Она сказала это, а сама будто размышляет о чем-то совсем другом. Значит, и вправду хочет сказать ей что-то особенное. Ну, когда же решится?
— Что сказал доктор? — спрашивает она и долго смотрит на нее, не сводя взгляда.
— А что ему сказать? — говорит она, думая о своем. — Вы же слышали, воспаление легких, а насчет сердца вы и сами знаете.
— Вы разговаривали в сенях, я же слышала, — настаивает она, чтобы узнать что-нибудь еще.
— Это про лекарства, как их вам давать и чтобы поскорее послать за ними, — отвечает Мерлашка и отводит взгляд. Бог весть, только ли об этом говорили они?
Некоторое время они молча смотрят друг на друга, она на Мерлашку вопрошающе, а Мерлашка на нее озабоченно, в нерешительности: сказать или нет. В конце концов она набирается храбрости:
— Я думаю, надо бы за священником послать.
— За священником? — медленно повторяет Кнезовка. Сердце у нее сжимается, словно Мерлашка позвала в комнату смерть. — Думаешь, мне в самом деле настолько плохо? — сухо спрашивает она. На лбу собираются морщины, она отводит от Мерлашки ставший неподвижным взгляд.

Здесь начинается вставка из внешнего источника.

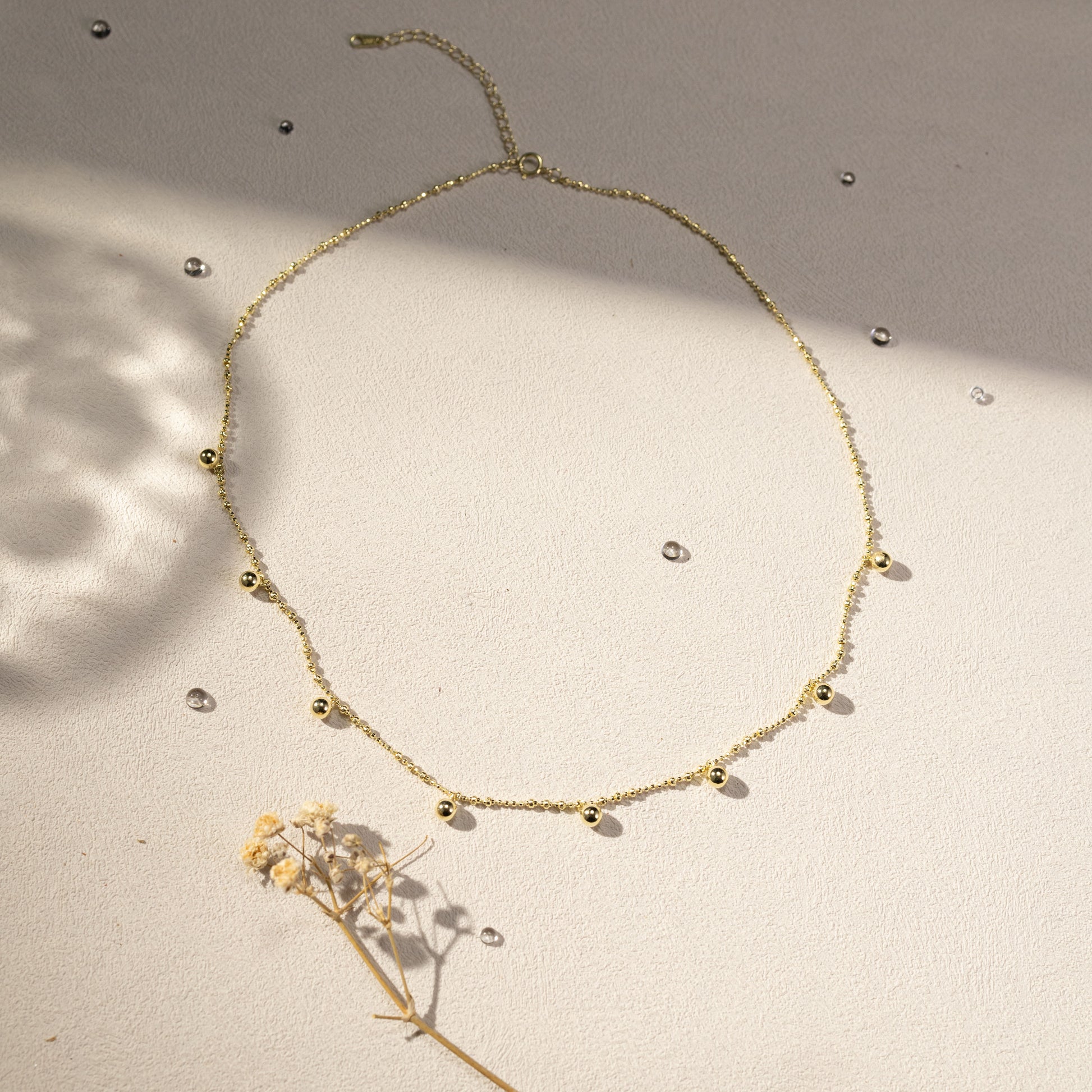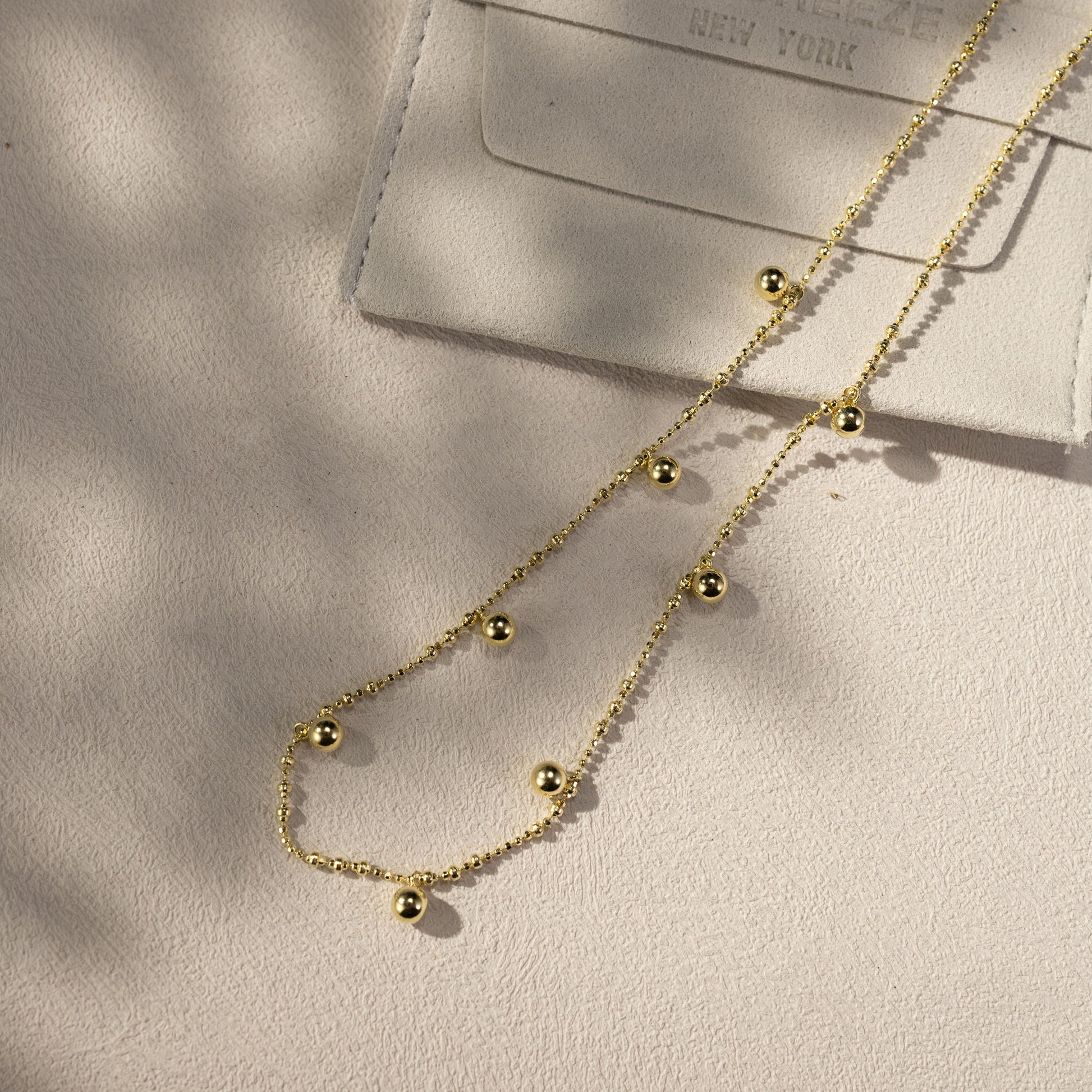 The Lyric necklace is a playful take on the classic bead chain, crafted in solid 925 sterling silver with a warm 14K gold vermeil finish. Scattered gold beads catch the light with every movement—perfect as a layering necklace to mix and match different looks, yet refined enough to wear solo every day.

Та чувствует, что Кнезовке не по душе ее совет. Но раз уж начала это дело, надо довести до конца. Ей кажется, она не имеет права отступиться. Ее бы совесть замучила, если бы Кнезовка отправилась на тот свет без исповеди и причастия.
— Я не потому советовала послать за священником, что вам так уж плохо, — неуверенно говорит она. — Просто человек никогда не знает, что с ним будет, а больной человек тем более, — продолжает она. — Может, вы проживете еще десять — пятнадцать лет, а может, и завтра преставитесь. Это не только к вам относится, но и ко мне, и ко всем людям. Поэтому-то и надо, чтобы человек в любое время был готов к встрече с богом. Сколько времени вы уже не были на исповеди? С пасхи или того больше?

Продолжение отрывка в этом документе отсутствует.